On the other hand, I wonder if going forward, as we accumulate more and more data sets, if we will end up with more references that are have varying degrees of completeness. Maybe variants that have been detected but don't reach some level of significance that allows us to draw meaningful conclusions? Others that that have been identified but which haven't run through the pipeline yet?

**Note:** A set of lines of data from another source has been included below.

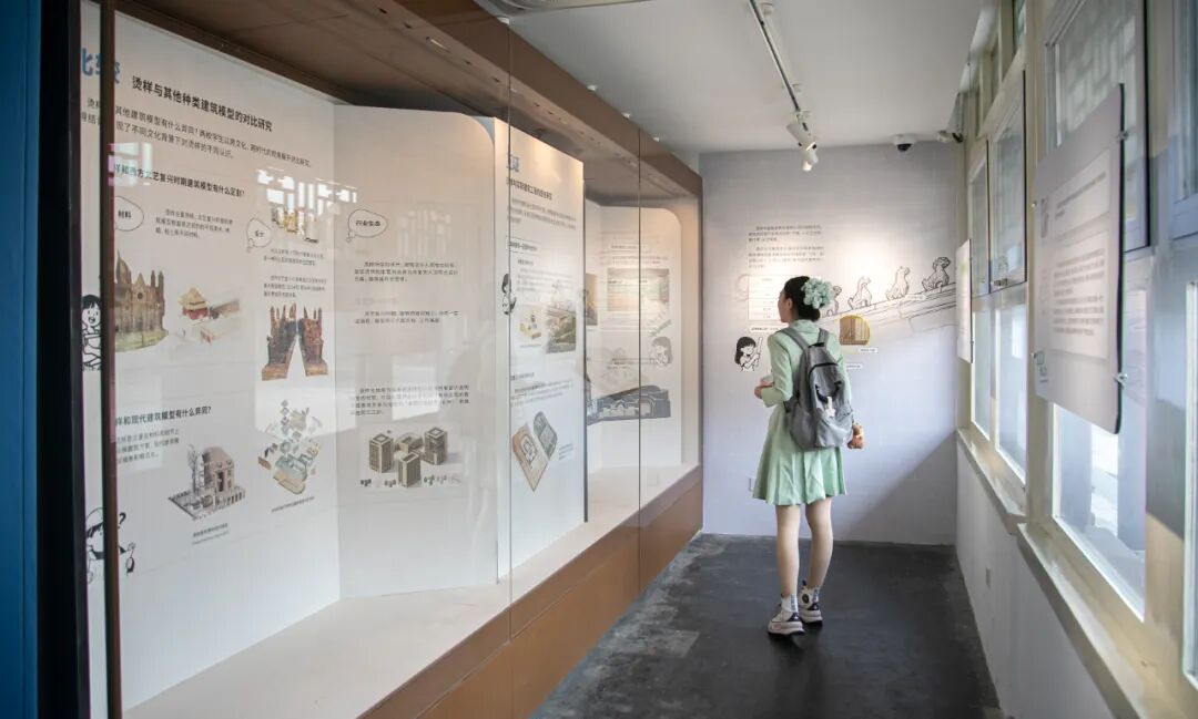 在呈现方式上,展览注重“纪实视角”与“科普传播”相结合。一方面,展出两校学生团队开展烫样专题研究和复原的现场照片、学生笔记、制作工具等“一手材料”,原真呈现课题研究过程和实践感悟;另一方面,注重学术成果的科普转化,运用中德师生创作的漫画、插画等作品辅助阐释,并以“立体拆解”的形式,展示由柏林工业大学学生制作的清惠陵地宫烫样复制品,使观众得以一览其构件组成与内部结构。进入展厅,彷佛进入正在进行学生课堂演示的高校教室,手写的笔记、自创的插画、问答图板、访谈视频等载体,带领观众近距离体验建筑史专业学生的校园时光。
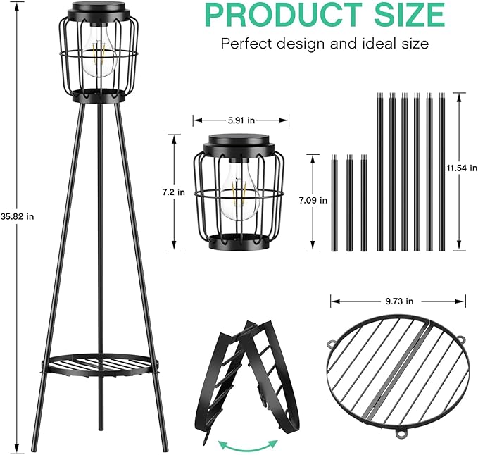- Innovative Solar Street Light: Unlike traditional solar floor lamps, our 36-inch solar street light features a plant stand concept. This innovative design allows you to place your favorite plants or sundries, tools, etc., adding a touch of fresh nature to your outdoor garden, patio, deck.
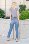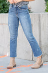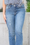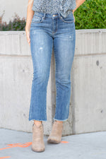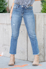 Discover the perfect balance of style and comfort with our Medium Blue Mid-Rise Raw Hem Straight Leg Jeans. Designed with a flattering mid-rise fit and slight distressing, these jeans exude effortless cool. The raw hem adds an edgy touch to the classic straight-leg silhouette, making them a versatile choice for both casual outings and more polished looks.
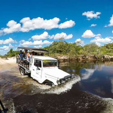 Circuito Lagoa Azul - O percurso até os lençóis é feito em um veículo 4x4 com adaptação do tipo jardineira.
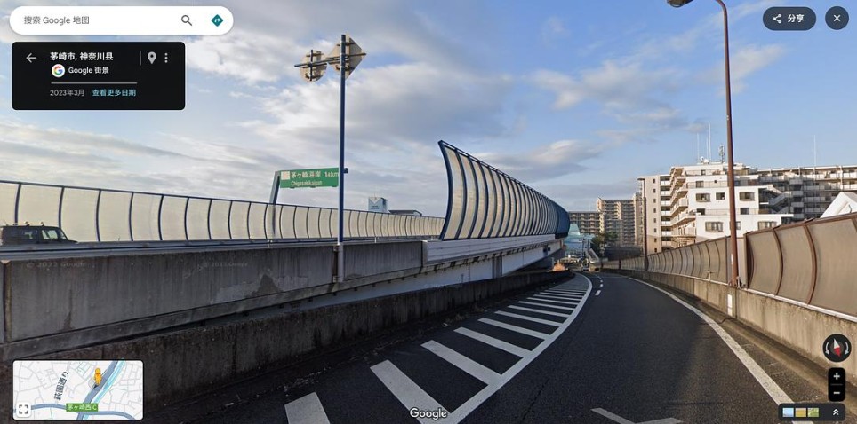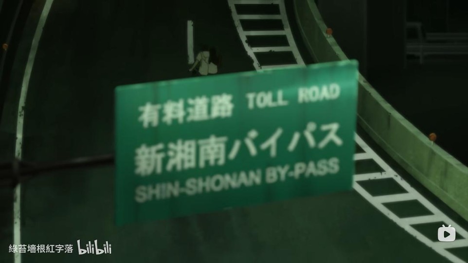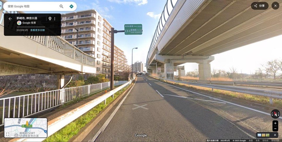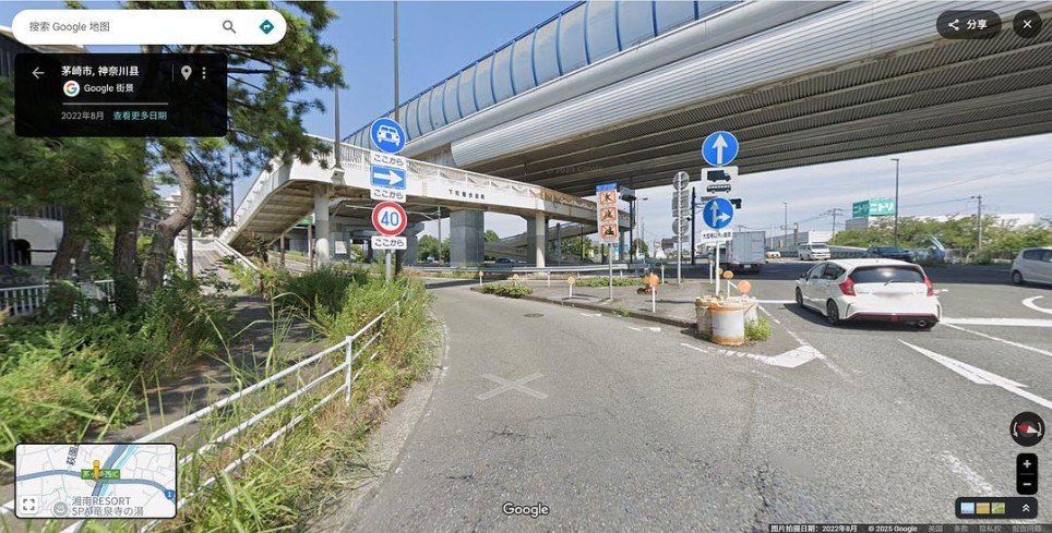 从上面几幅画面中可见,他们上了付费公路“Shin-Shonan By-Pass”,且上路之后前方还有1km抵达“茅崎中央”,反方向的路牌表明还有2km就是前往茅崎海岸的出口。根据这两个条件,倒是可以找到正确地址:在图中红色标出的这条“Shin-Shonan By-Pass”付费公路上,我用黄色短线标出了离两个关键地点距离正确的位置。
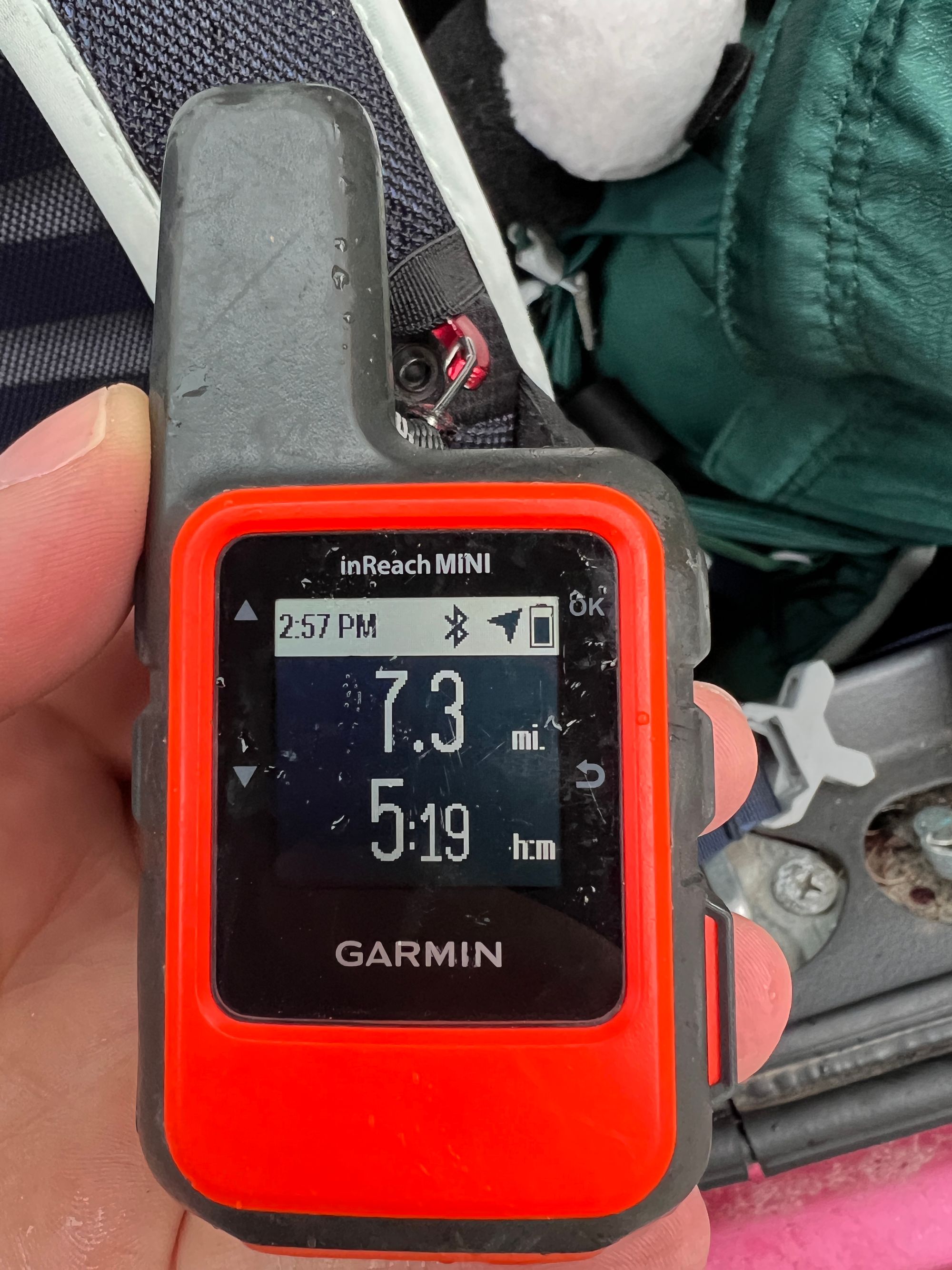 As soon as we sat down with our food it started to rain, a lot. I decided to use our shelter so we pulled it over ourselves and ate our lunch in the warm and dry.
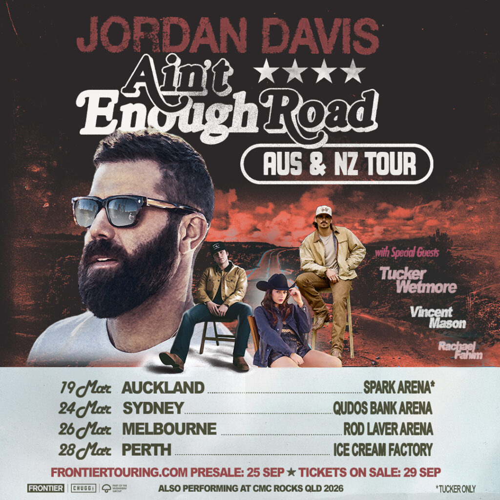 As Jordan Davis prepares to make his highly anticipated return to Australia following an incredible 2025 of unforgettable live performances, don’t miss the country star as he heads across Australia and New Zealand next March 2026, with special guests Tucker Wetmore, Vincent Mason and Rachael Fahim.
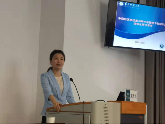 10月12日下午,教育部中南教育管理干部培训中心组织78期中南班全体学员进行“结构化”思维学习研讨活动。陈雪玲副主任现场指导,为学员们讲授了“结构化”思维以及研讨的内涵和方法,让学员们领略到结构化研讨的魅力。
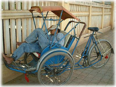 ![]() お昼寝第2弾、リキシャマン。それにしてもカンボジアではいたるところでお昼寝してる人を見かけた。まあ暑いから、ゆっくりいきましょって感じ? |
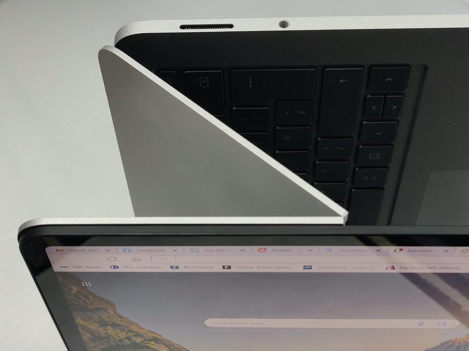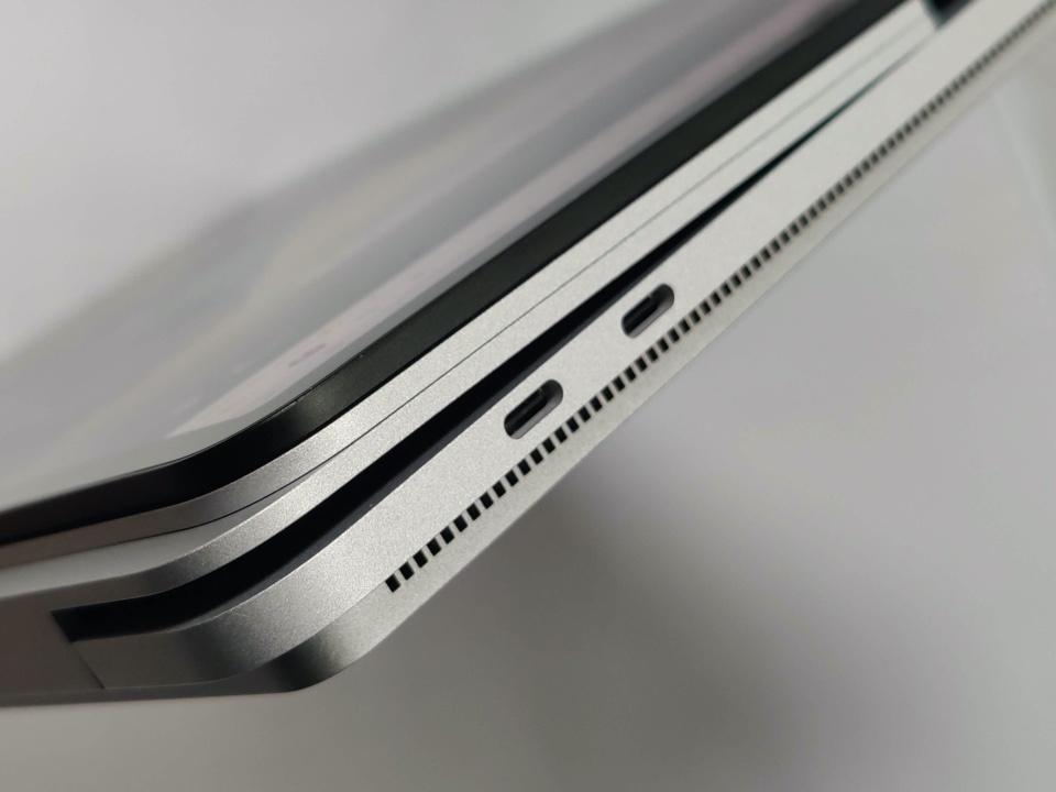 There’s also a distinct lack of ports. A headphone jack and Microsoft’s own Surface Connect port can be found on the right-hand side of the machine, and two Thunderbolt/USB-C ports on the left. For a premium laptop designed for power users, this feels underwhelming at best. I also, inexplicably, missed having volume and power keys on the edges of the device. That’s something you rarely see on laptops, but it is on the Surface Pro line and my muscle memory was expecting it, especially in presentation mode.

I'm just making up these corner cases, but I'm wondering if there will be cases where we have a little information about a variant but not enough for a full presentation. And in those cases would we be able to show what we've got, or is it better to only present variants if we can tell their story in full detail?

In any case it's true that I don't have enough understanding of the pipeline to propose any sort of a coherent strategy. I only know that it bugs me when I see a variant in a paper and I type it in to the portal and get back nothing, but you can tell me how the portal should properly be responding and I will make sure it's implemented.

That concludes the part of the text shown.